» **Raw data**:
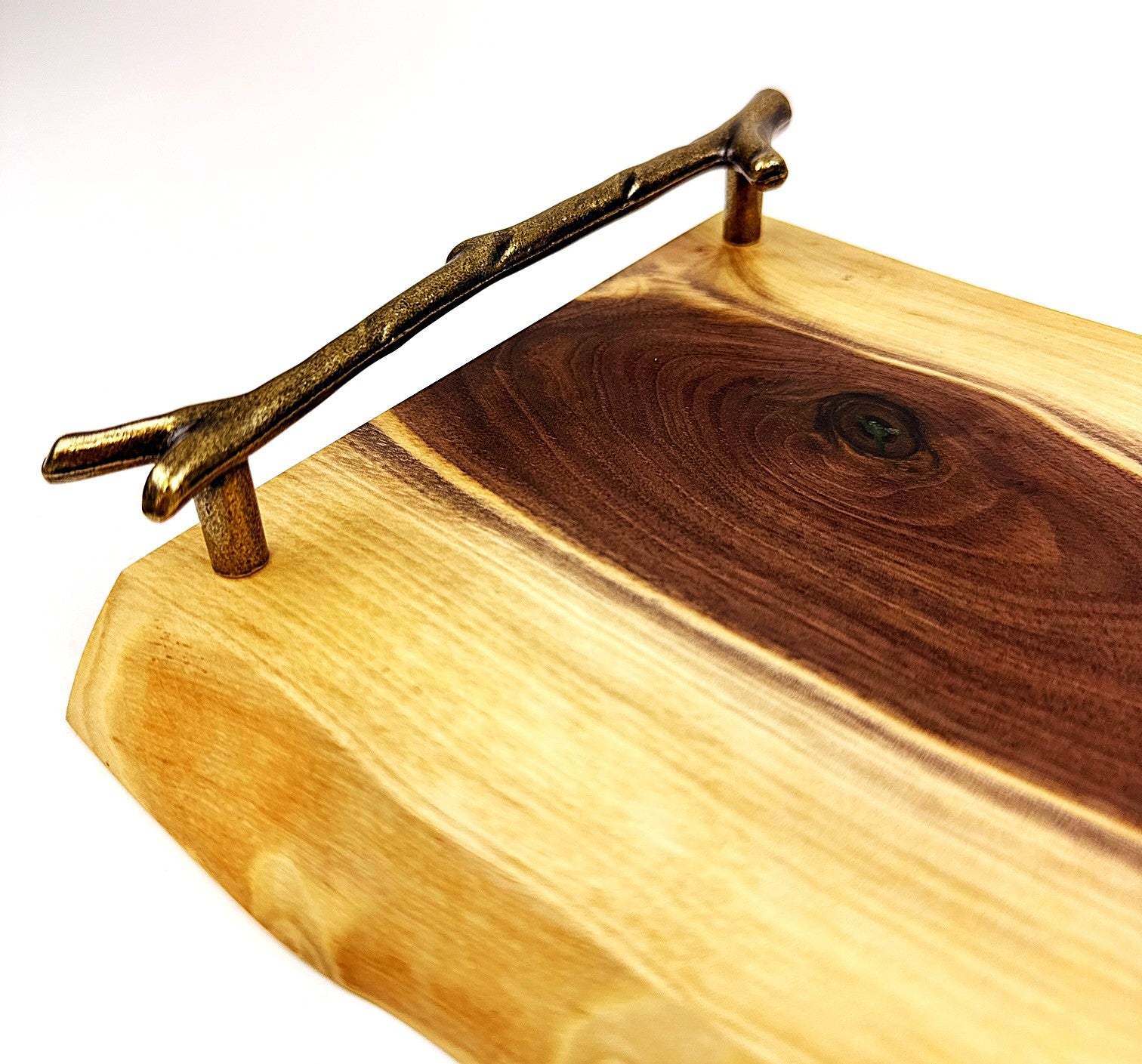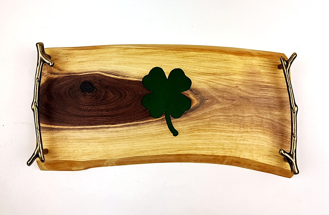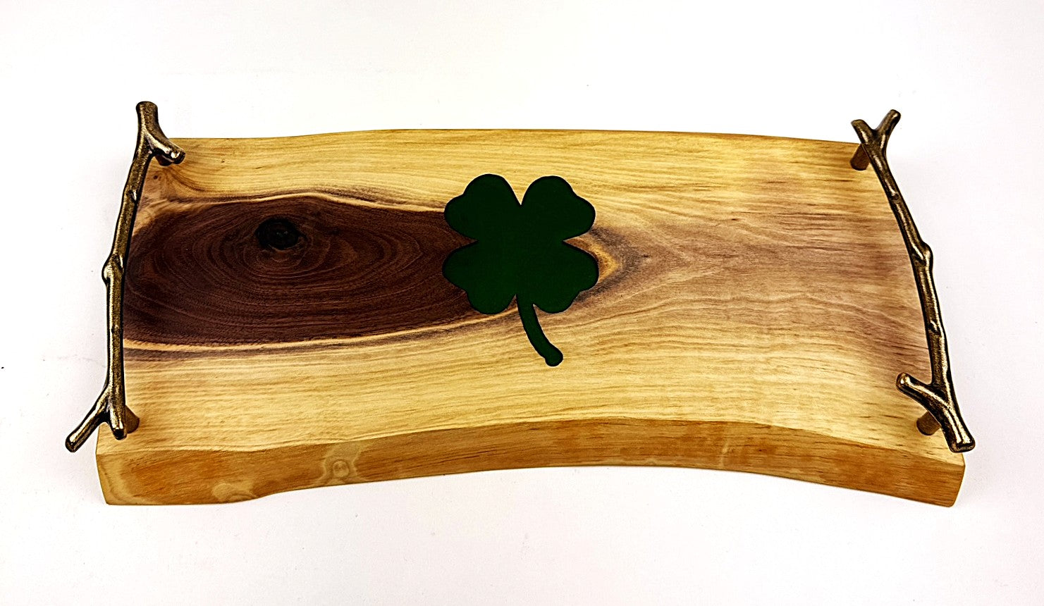 Handcrafted walnut serving tray featuring a Bonsai-Green epoxy resin 4-leaf clover inlay, complemented by elegant bronze branch handles. The food-safe finish combines mineral oil with cutting board wax topcoat, making it perfect for serving or display. Measures 14" W x 7½" D x 1¾" H. A unique blend of natural wood and artistic resin work that brings warmth and character to any table.
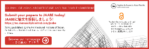 | ------------------------------------------------------------------ ◎ Journal of Asian Architecture and Building Engineering(JAABE)論文募集 JAABEは、IF: 1.3 (2022)のScience Citation Index Expanded採録誌です。 ![]() |
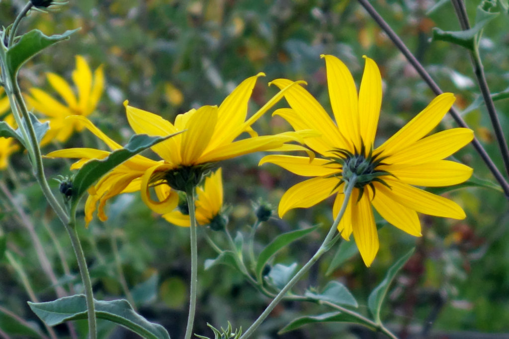Hihi, ob ich Topinambur verfluchen werde muss ich noch abwarten. Im Frühjahr waren ein paar Knollen in unserer Ökokiste, die ich vergessen hatte zu ändern (ich mag keine Topinambur). Da ich ungern Lebensmittel wegwerfe habe ich die Knollen in unserer Gerümpel-Kompostecke zwischen die Heckenrosen in den Hang gebuddelt und abgewartet. Dass sie diese Trockenheit überstanden haben, ausgetrieben sind und jetzt sogar blühen verdient Respekt. Mal sehen wie sie sich entwickeln. Sie können dem noch größeren Chaos/Wildwuchs von der Nachbarsgrenze gut etwas entgegensetzen.

» **Your task**: Retype all of the material above precisely as it reads. Pictures are not part of the copy.

» **Your response**:
 Handcrafted walnut serving tray featuring a Bonsai-Green epoxy resin 4-leaf clover inlay, complemented by elegant bronze branch handles. The food-safe finish combines mineral oil with cutting board wax topcoat, making it perfect for serving or display. Measures 14" W x 7½" D x 1¾" H. A unique blend of natural wood and artistic resin work that brings warmth and character to any table.
 | ------------------------------------------------------------------ ◎ Journal of Asian Architecture and Building Engineering(JAABE)論文募集 JAABEは、IF: 1.3 (2022)のScience Citation Index Expanded採録誌です。 ![]() |
Hihi, ob ich Topinambur verfluchen werde muss ich noch abwarten. Im Frühjahr waren ein paar Knollen in unserer Ökokiste, die ich vergessen hatte zu ändern (ich mag keine Topinambur). Da ich ungern Lebensmittel wegwerfe habe ich die Knollen in unserer Gerümpel-Kompostecke zwischen die Heckenrosen in den Hang gebuddelt und abgewartet. Dass sie diese Trockenheit überstanden haben, ausgetrieben sind und jetzt sogar blühen verdient Respekt. Mal sehen wie sie sich entwickeln. Sie können dem noch größeren Chaos/Wildwuchs von der Nachbarsgrenze gut etwas entgegensetzen.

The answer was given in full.